__EXERCISE INSTRUCTIONS__
In the entries below, begin at the line with "- Hot glue the" and stop after the line with "the numbering of"; output those lines exactly and omit the pictures.

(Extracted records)

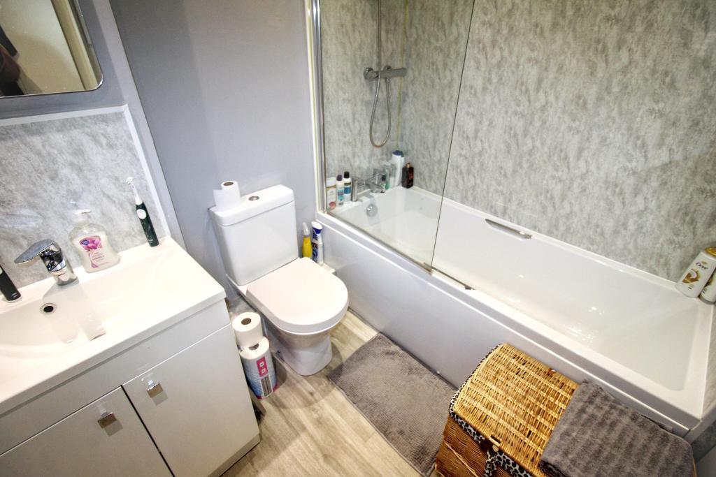 Bathroom - Bath with shower over. WC and vanity sink unit. Heated towel rad. Fan.
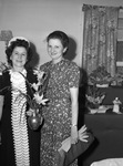 Mrs. C. S. Bigham and Mrs. B. H. Stewart, in attendance at a North Side Garden Club flower show. They are standing next to each other, smiling and looking towards their right. Mrs. Bigham is wearing a knitted hat and a long, short-sleeve dress. Mrs. Stewart is wearing a dress with a leaf pattern and a hat. She is holding a small vase of flowers in her right hand and a pair of gloves and a handbag in her left hand. Behind the women is a small display area with flower arrangements and a window with a floral curtain.
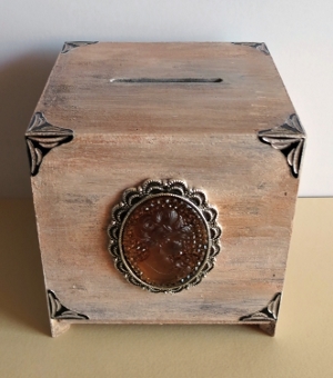 - Hot glue the resin cameo to the alloy base setting. Allow to dry and then hot glue the cameo to the front panel of the money box.
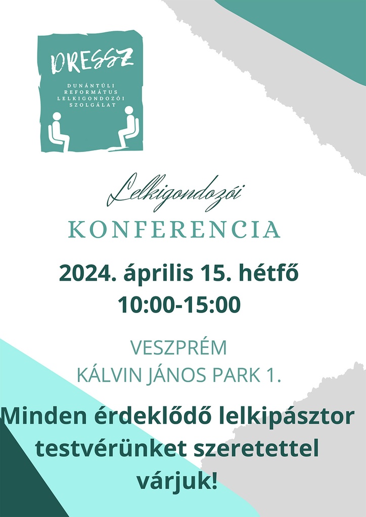 A Dunántúli Református Lelkigondozói Szolgálat (DRESSZ) konferenciát tart Veszprémben április 15-én. A konferencia előadói Mucsi Zsófia a Gyökössy Intézet szakmai igazgatója és Fekete Márton a galyatetői Imádság Házának vezetője lesznek. A részvétel ingyenes, de regisztrációhoz kötött.
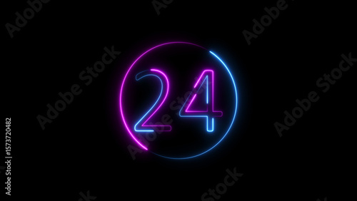 Neon illustration of the number twenty-four in a glowing circle on black background
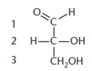 the numbering of C atoms in a monosaccharide follows the rules described in orgo, what does this mean for monosaccharides? (2)
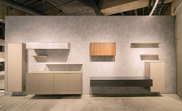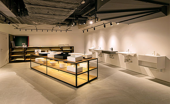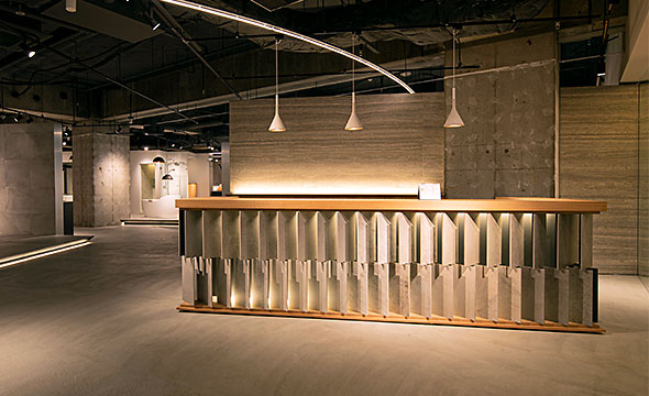 最新アイテムを展示するだけでなく、地元福岡の自然素材である甘木の赤土を用いた土壁、有明海で取れた古代貝灰を用いた漆喰などを仕上げ材として使用することで、地域性と歴史を感じられる空間となっております。
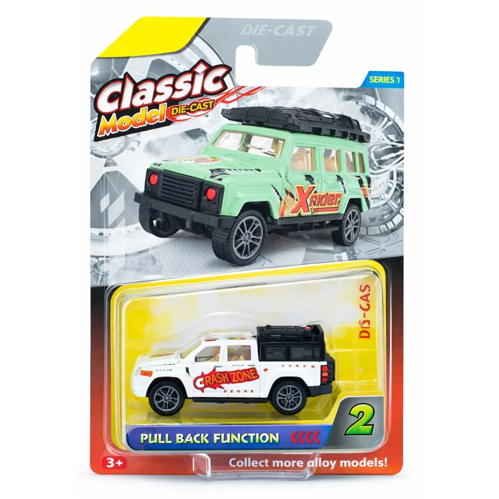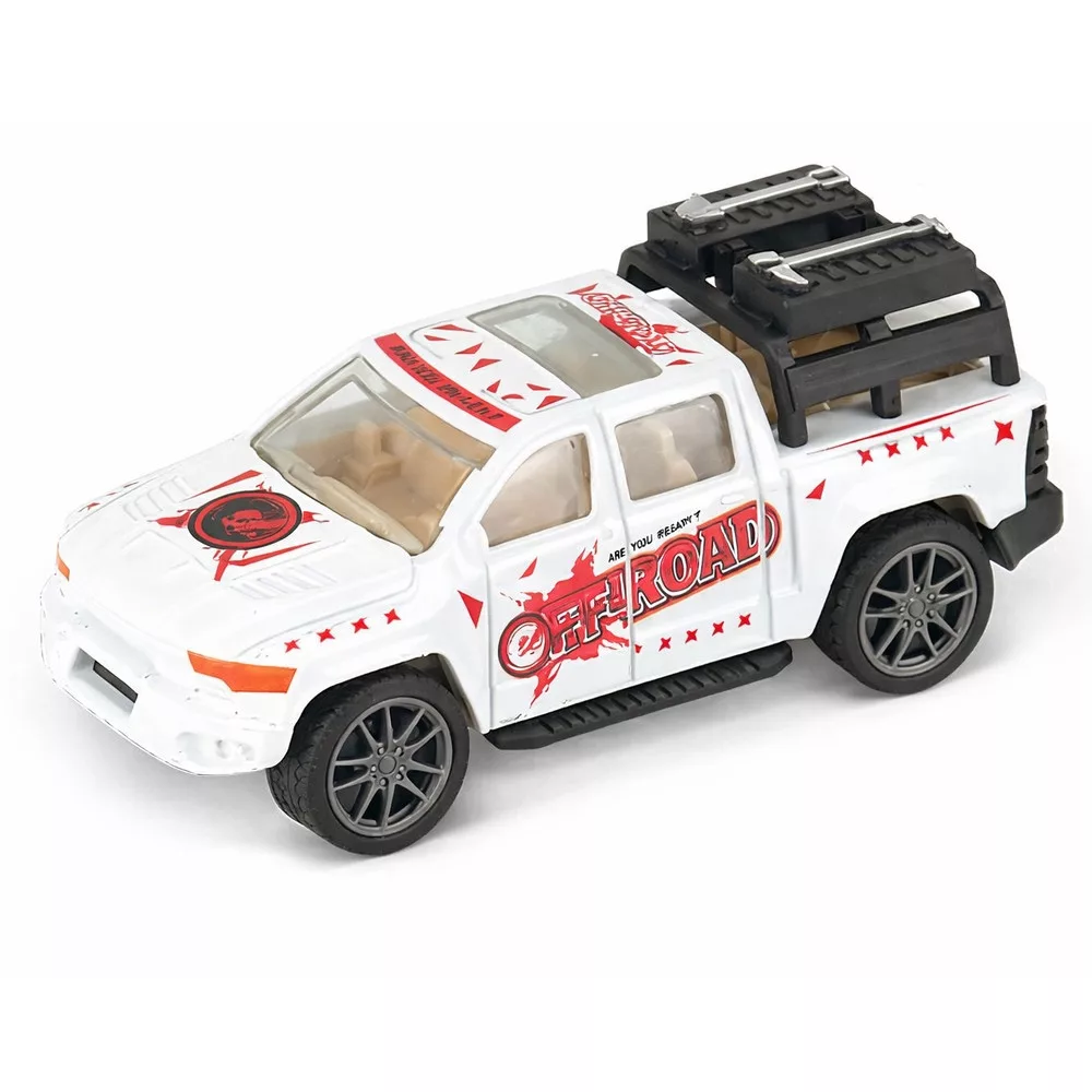 A fehér fém Off-Road autó feltűnő, modern megjelenésével könnyen a gyűjtemény kedvence lesz. Visszahúzós kivitelű, így egyszerűen elindítható, a masszív terepjáró forma pedig remek alap a kalandos utazásokhoz és a saját „terepversenyekhez”.

__RESULT BELOW__
 - Hot glue the resin cameo to the alloy base setting. Allow to dry and then hot glue the cameo to the front panel of the money box.
 A Dunántúli Református Lelkigondozói Szolgálat (DRESSZ) konferenciát tart Veszprémben április 15-én. A konferencia előadói Mucsi Zsófia a Gyökössy Intézet szakmai igazgatója és Fekete Márton a galyatetői Imádság Házának vezetője lesznek. A részvétel ingyenes, de regisztrációhoz kötött.
 Neon illustration of the number twenty-four in a glowing circle on black background
 the numbering of C atoms in a monosaccharide follows the rules described in orgo, what does this mean for monosaccharides? (2)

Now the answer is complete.